> _EXERCISE OBJECTIVE_:
Repeat, exactly and in full, the lines of the listing below, but without any pictures.

> _DATASET EXCERPT_:
▬▬▬▬▬▬▬▬▬▬
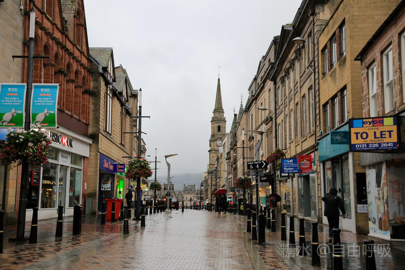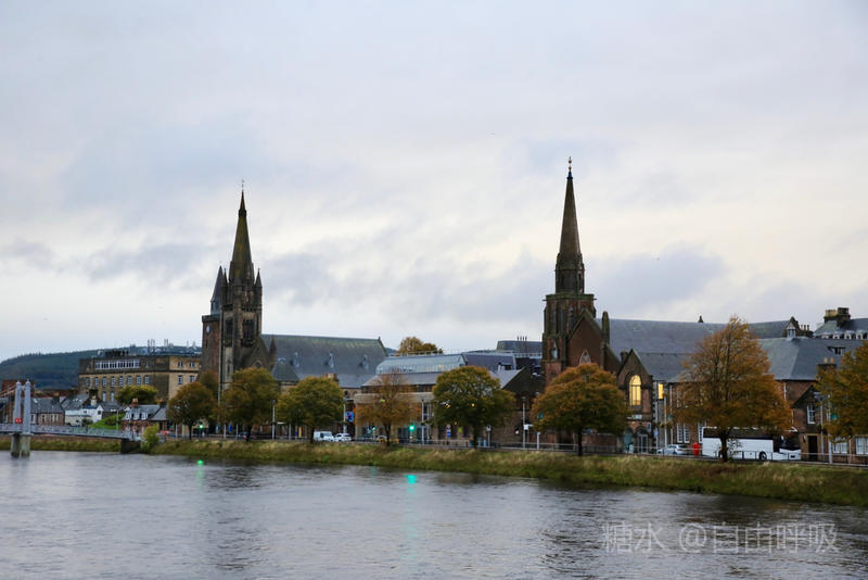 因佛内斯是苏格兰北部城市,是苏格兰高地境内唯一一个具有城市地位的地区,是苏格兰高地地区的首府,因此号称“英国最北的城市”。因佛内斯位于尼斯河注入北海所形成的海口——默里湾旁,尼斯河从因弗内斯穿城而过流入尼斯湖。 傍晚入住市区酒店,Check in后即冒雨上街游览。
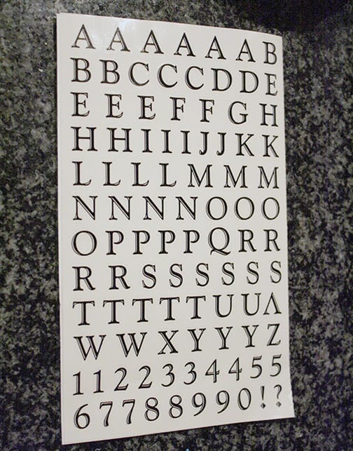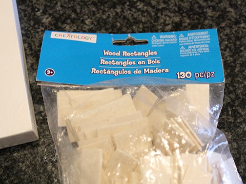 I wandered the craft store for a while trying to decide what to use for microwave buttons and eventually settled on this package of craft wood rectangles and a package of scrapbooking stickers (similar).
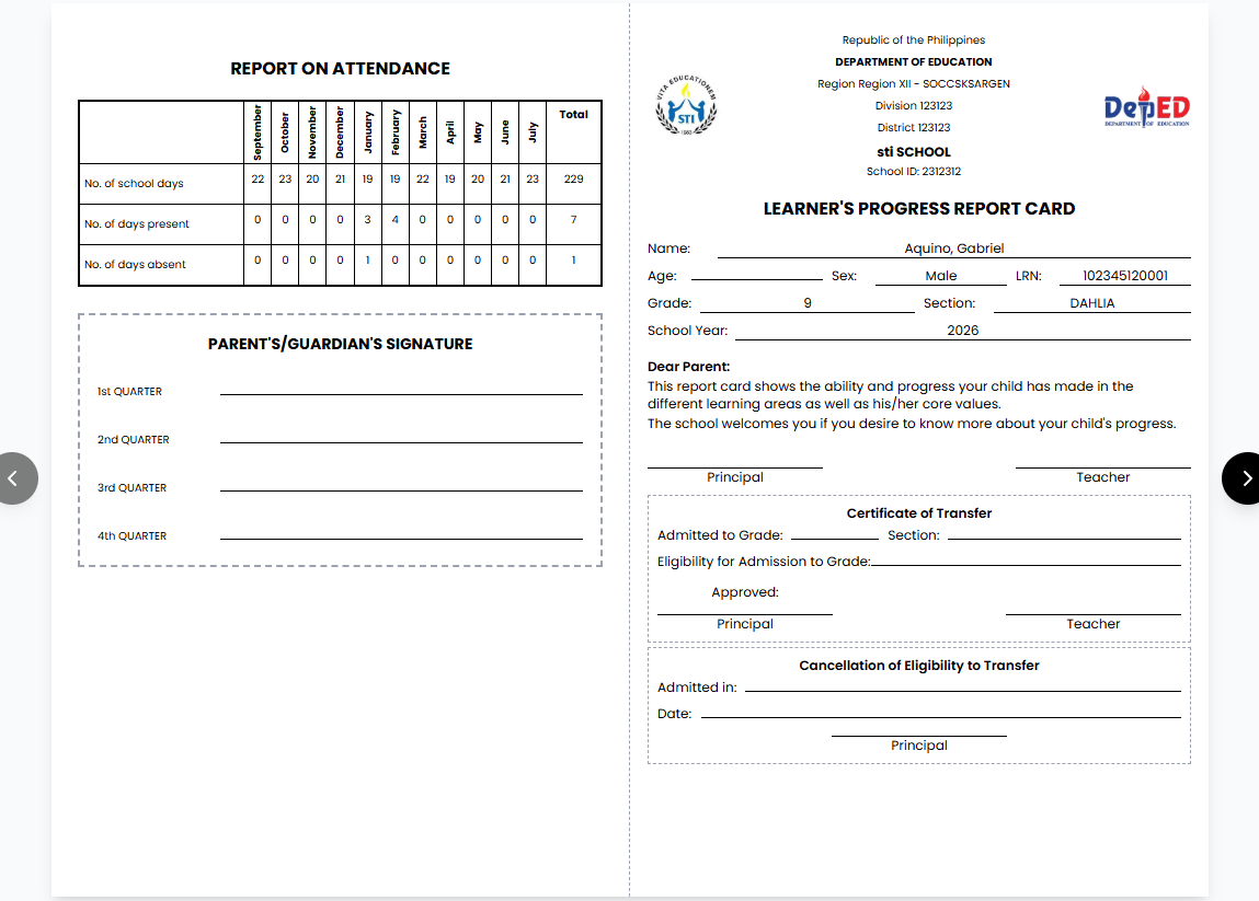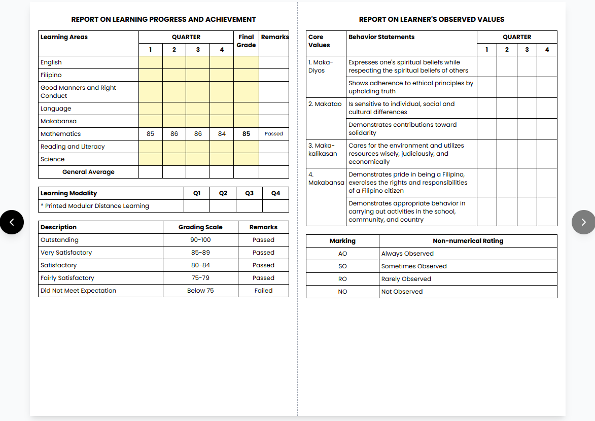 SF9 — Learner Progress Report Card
▬▬▬▬▬▬▬▬▬▬
> _ANSWER SPACE_:
 因佛内斯是苏格兰北部城市,是苏格兰高地境内唯一一个具有城市地位的地区,是苏格兰高地地区的首府,因此号称“英国最北的城市”。因佛内斯位于尼斯河注入北海所形成的海口——默里湾旁,尼斯河从因弗内斯穿城而过流入尼斯湖。 傍晚入住市区酒店,Check in后即冒雨上街游览。
 I wandered the craft store for a while trying to decide what to use for microwave buttons and eventually settled on this package of craft wood rectangles and a package of scrapbooking stickers (similar).
 SF9 — Learner Progress Report Card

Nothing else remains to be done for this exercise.